I have been contemplating a new kayak and looking at the tarpon 120 and Jackson cruise 12. I can get both for a similar price, with the tarpon at $700 and the cruise 12 at $750 (but a few freebies with the cruise)

Any opinions?

I will use primarily for fishing a variety of waters. Stability is important but standing is not. 

Thanks


----------



## mcoppel (May 21, 2011)

The cruise is a great boat!


----------



## shwookie (Jun 15, 2007)

Jackson, all day every day.


----------



## canoe carp killer (Apr 2, 2014)

Jackson baby!!


----------



## Spacecowboy (May 19, 2014)

How about the Coosa? I can get a steal of a price on one, but when I fish rivers I paddle up and float down. A little worried about the paddle up but the kayak is laid out very well for fishing. My flat water fishing is small lakes, so no long paddles or Lake Erie stuff.


----------



## kparrott154 (Mar 26, 2007)

I've never paddled the Jackson Cruise, I own a Tarpon 120 and love it. But if you are spending most of your time in rivers, the Tarpon is not for you.


----------



## ML1187 (Mar 13, 2012)

Spacecowboy said:


> How about the Coosa? I can get a steal of a price on one, but when I fish rivers I paddle up and float down. A little worried about the paddle up but the kayak is laid out very well for fishing. My flat water fishing is small lakes, so no long paddles or Lake Erie stuff.
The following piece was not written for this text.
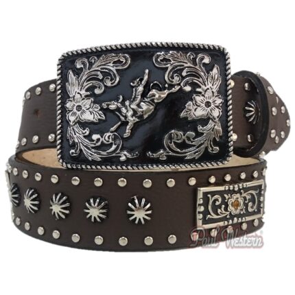 Cinto de Couro Legítimo Paul Western Infantil. Acompanhas charroas e medalhinha nos centros.

A Coosa would be so much better than the Cruise for river fishing it isn't even a comparison.


----------



## Spacecowboy (May 19, 2014)

I have heard that they are outstanding for river fishing, but I also heard that the Coosa sucks for rowing up river.


----------



## mcoppel (May 21, 2011)

I row my coosa up river all the time, It was made for rivers!
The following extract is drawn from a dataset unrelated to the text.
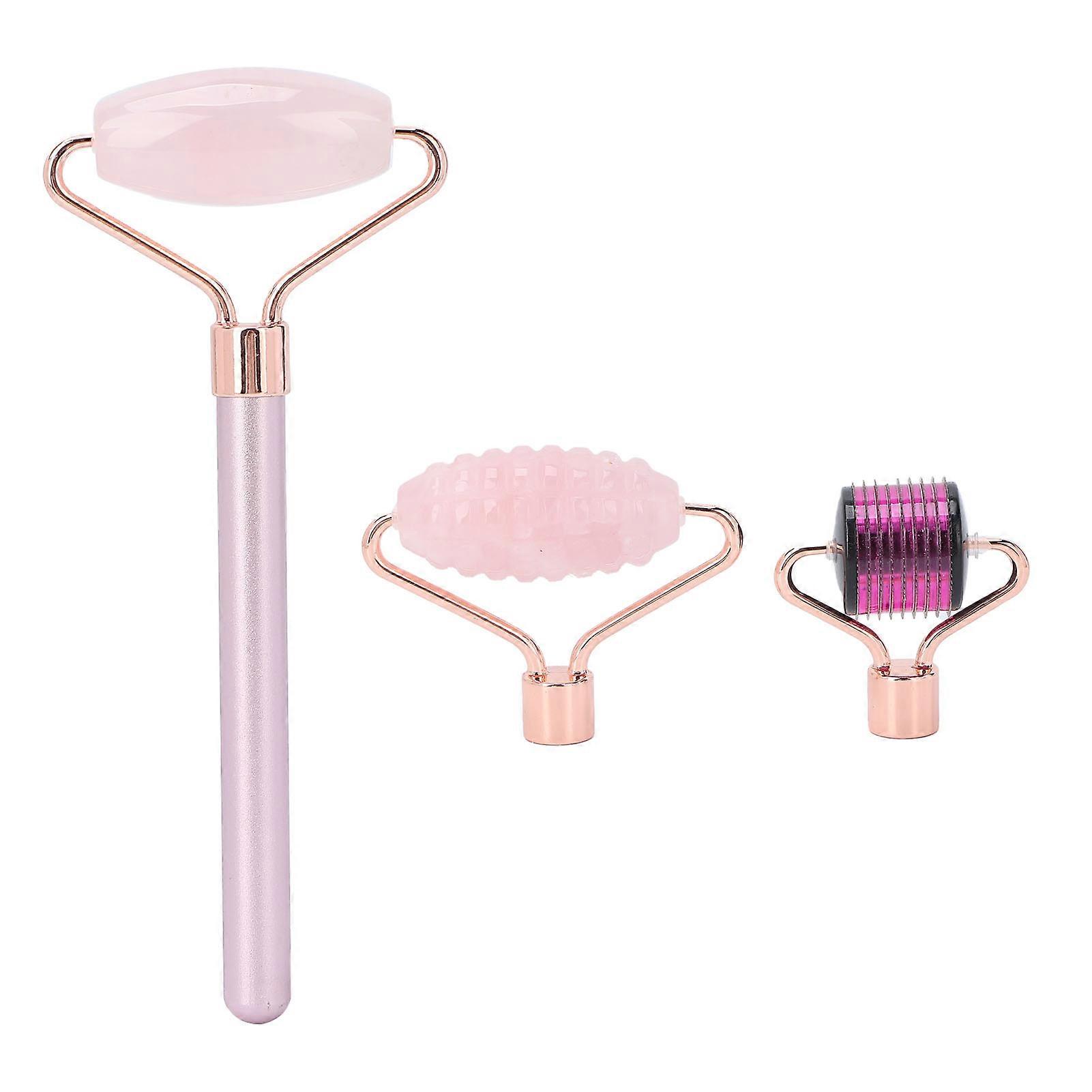 3 in 1 Rose Quartz Face Roller Massager Microneedle Massage Tool for Face Beauty

The Cruise is a good all around kayak. But if your doing more rivers the Coosa is it!. Wouldn't trade mine for anything.


----------



## CPK (Jan 31, 2015)

I think you need to use a ride 115 for your comparison instead of the tarpon 120. I row the ride upstream all the time without an issue. I have no problem paddling past canoecarpkillers cuda 12 lol


----------



## CPK (Jan 31, 2015)

Oh yea.. I know you said standing up isn't a big thing. I said the same thing before I got the ride. Now I spend 70% of my time standing up


----------



## Yakkin4bass (Oct 28, 2013)

I've owned them both and in fact sold a tarpon 120 2 years ago to buy a cruise 12. The cruise hands down and the biggest reason amongst a few...the seat!!! They paddle very similar but you will like the outfiting options, open floor and comfy seat a lot more with the Jackson!


----------



## Spacecowboy (May 19, 2014)

Well the tarp and has been illuminated from contention. It's a great kayak and I have had one in the past, which is partly why I have eliminated it as it's just not as much fun getting the same kayak again.
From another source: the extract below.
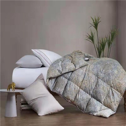抗菌白鹅绒填充,绒子含量95%,T4级填充量,适合0-8℃卧室环境。 羽绒被特制的专业防绒面料,既保持全棉的顺滑亲肤,又强化了防绒耐磨能力;优雅的灰蓝色调与对称的藤蔓花叶纹样,整体视觉干净又清新。
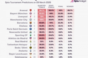 體育資訊3月10日訊 歐冠1/8決賽即將開戰,Opta超級計算機預測了各隊晉級8強的概率,并列出榜單。

It is basically down to the Coosa or the cruise 12. The cruise is about $70 cheaper but both are a great deal so price is really not the factor.


----------



## chris1162 (Mar 12, 2008)

Coosas are slow and dont track very well so going upstream in heavier current sucks but is doable. They also are affected by wind more than most kayaks. But if you float downstream a river most of the time than its incredible. But it is not great for flatwater.


----------



## Spacecowboy (May 19, 2014)

I think for what I do now, and hope to do in the future the Cruise 12 is the way I will go.


----------



## Scubasam (Mar 4, 2015)

My buddy and I both have tarpon 120s his is last years model and mine is 2years old. The tarpon is relatively fast. My girl friend has a recreational kayaks I got her and I find myself alway paddling too fast. Lots of room in the tarpon as well I'm 6'3" 240lbs and I have no issues with room for my feet or stability. As with any longer kayak it doesn't turn like the shorter ones do but the trade off is the stability and the fact that you stay much straighter when paddling on rougher water. I honestly don't have any experience with your other choice otherwise I'd chime in on it too


----------



## Daddy Dave (Apr 28, 2015)

Our local Jackson dealer has some demo boats he lets people try, see if your will do the same and try them both.


----------



## mcoppel (May 21, 2011)

Columbus Kayak is having a Demo day June 7th at Alum.
https://www.facebook.com/events/1602467723338982/

They will have all the Jackson's out


----------



## backlashed (Mar 19, 2011)

Send a PM to SMBHooker, he's had a Coosa for a few years and spends a lot of river time in it + he takes it out into salt water.

I have the Cuda and Cruise, but if I spent a lot of time on the river I'd be in a Coosa.


----------



## Spacecowboy (May 19, 2014)

I paddles a Coosa this week and it is out. I have not yet bought and am seriously considering a Slayer 12. The cruise 12 is in second. I can get the cruise for $50 less plus $200 in store credit. Hoping to make a decision today.


----------